まるで何でも知っているかのように少女は言う。


アスファルトの照り返しでじりりと焼けた肌の上をやわらかい風がさらりとさらっていった。


「たぶん、もうすぐだと思います。

あの、灯台の見えるあたりです」


どこまでも方図なく続く、海と陸の境目。海岸線と呼ばれるそれを、舗道がくねくねとなぞっている。


そして、区切れを入れるかのよう。

まるで海から引っ張られたかのようにのびた岬から、青空に向かって真っ白な灯台がのびていた。


結構遠いようで、

「案外近いんだな」


そう、なんというか微妙な距離感だったのだ。

往路より帰路のほうが長く感じるみたいな、そんな感じの漠然とした、ちぐはぐな感覚。



ゴトン、という音をたててスーツケースが小さな石にひっかかる。

両手で少し重たいそれを持ち上げてから再び歩き出すと、少女が尋ねてきた。


「そのでっかいの、何が入ってるんですか?」


「ああ、これ。
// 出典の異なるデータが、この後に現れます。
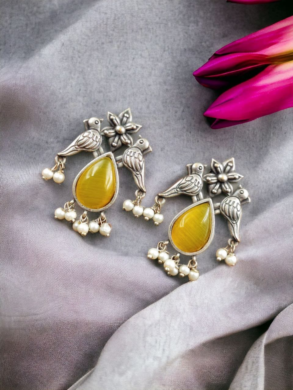 Yellow Dainty Birds Rustic Silver Oxidized Monalisa Stone Stud Earring Set with Pearl Beads Drop
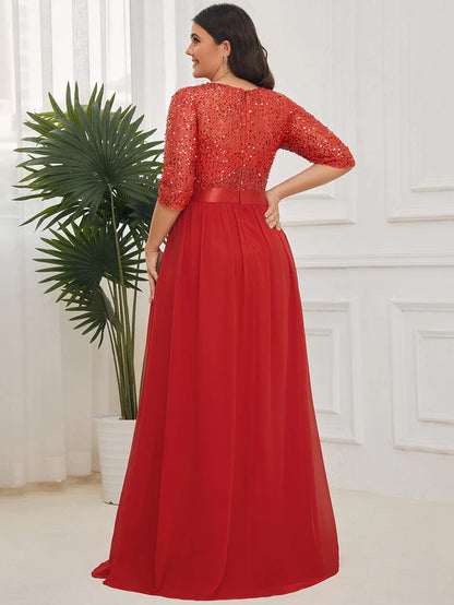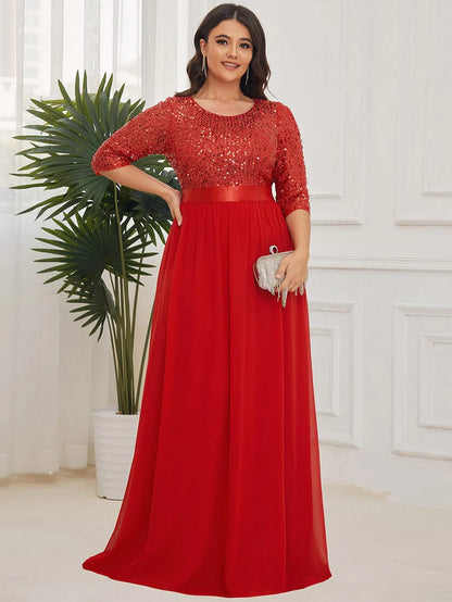 3/4 Sleeves Round Neck Sparkling Evening Dress With Sequin

たぶん着替えだと思うんだけど、」


すると、えっ、と少女は驚いたように、

「いったい何日この町にいる予定なんですか」

と大きな声で聞いてくる。


「実は、まだ決めていないんだ。

というか、もっと重大なことがあって、」


「なんです?」


「実は、スーツケースの鍵が開かなくなっちゃったんだ」


「なくしちゃったんですか?」

少女は聞く。


「そうじゃなくて、持ってきた鍵がなぜか鍵穴に合わなかったんだ」


足を止めて、ごそごそとポケットをまさぐる。


「どれどれ」

と少女も覗き込んできた。


しゃがみこんで、スーツケースを前にする。

鍵をつっこんで、がちがちといわせるけど、やはり奥まではささらない。


「それじゃあ、この鍵は何の鍵なんでしょう」

少女は心底疑問だという感じで聞いてくる。


「う~ん、どうなんだろ」


麦わら帽子のつばが、ちょこんと肩にぶつかる。


しゃがんでいると、陽ざしをより強く感じる気がした。

あつい。 帽子が欲しい。


案外、スーツケースからの熱放射だったりして。


日陰に早くたどり着きたい僕は、

「これはなんとかするよ。近くなんだし、早く町まで行っちゃおう」

といって、立ち上がる。


少女は、

「どうやってなんとかするんですか、それ。というか着替えも」

と、言いながらも先を歩く僕に小走りでついてきた。




歩きながら少しずつ大きくなる灯台を見つめていると、近くなっているのにどこか遠いような気がして、やはりこれは帰り道なのかもしれない。